Formatted question description: https://leetcode.ca/all/1217.html

# 1217. Minimum Cost to Move Chips to The Same Position (Easy)

We have n chips, where the position of the ith chip is position[i].

We need to move all the chips to the same position. In one step, we can change the position of the ith chip from position[i] to:

• position[i] + 2 or position[i] - 2 with cost = 0.
• position[i] + 1 or position[i] - 1 with cost = 1.

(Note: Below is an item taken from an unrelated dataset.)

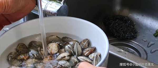 第一步:选择两种主料,将蛤蜊放入碗中,加两倍的水,撒些盐搅拌,让蛤蜊在熟悉的环境中自然呼吸,帮助吐出沉淀物。

Return the minimum cost needed to move all the chips to the same position.

Example 1:

Input: position = [1,2,3]
Output: 1
Explanation: First step: Move the chip at position 3 to position 1 with cost = 0.
Second step: Move the chip at position 2 to position 1 with cost = 1.
Total cost is 1.


Example 2:

Input: position = [2,2,2,3,3]
Output: 2
Explanation: We can move the two chips at poistion 3 to position 2. Each move has cost = 1. The total cost = 2.


Example 3:

Input: position = [1,1000000000]
Output: 1


Constraints:

• 1 <= position.length <= 100
• 1 <= position[i] <= 10^9

Related Topics:
Array, Math, Greedy

## Solution 1.

// OJ: https://leetcode.com/problems/minimum-cost-to-move-chips-to-the-same-position/

// Time: O(N)
// Space: O(1)
class Solution {
public:
int minCostToMoveChips(vector<int>& A) {
int even = 0, odd = 0;
for (int n : A) {
if (n % 2) ++even;
else ++odd;
}
return min(even, odd);
}
};


Java

class Solution {
public int minCostToMoveChips(int[] chips) {
int evenCount = 0, oddCount = 0;
int length = chips.length;
for (int i = 0; i < length; i++) {
int chip = chips[i];
if (chip % 2 == 0)
evenCount++;
else
oddCount++;
}
return Math.min(evenCount, oddCount);
}
}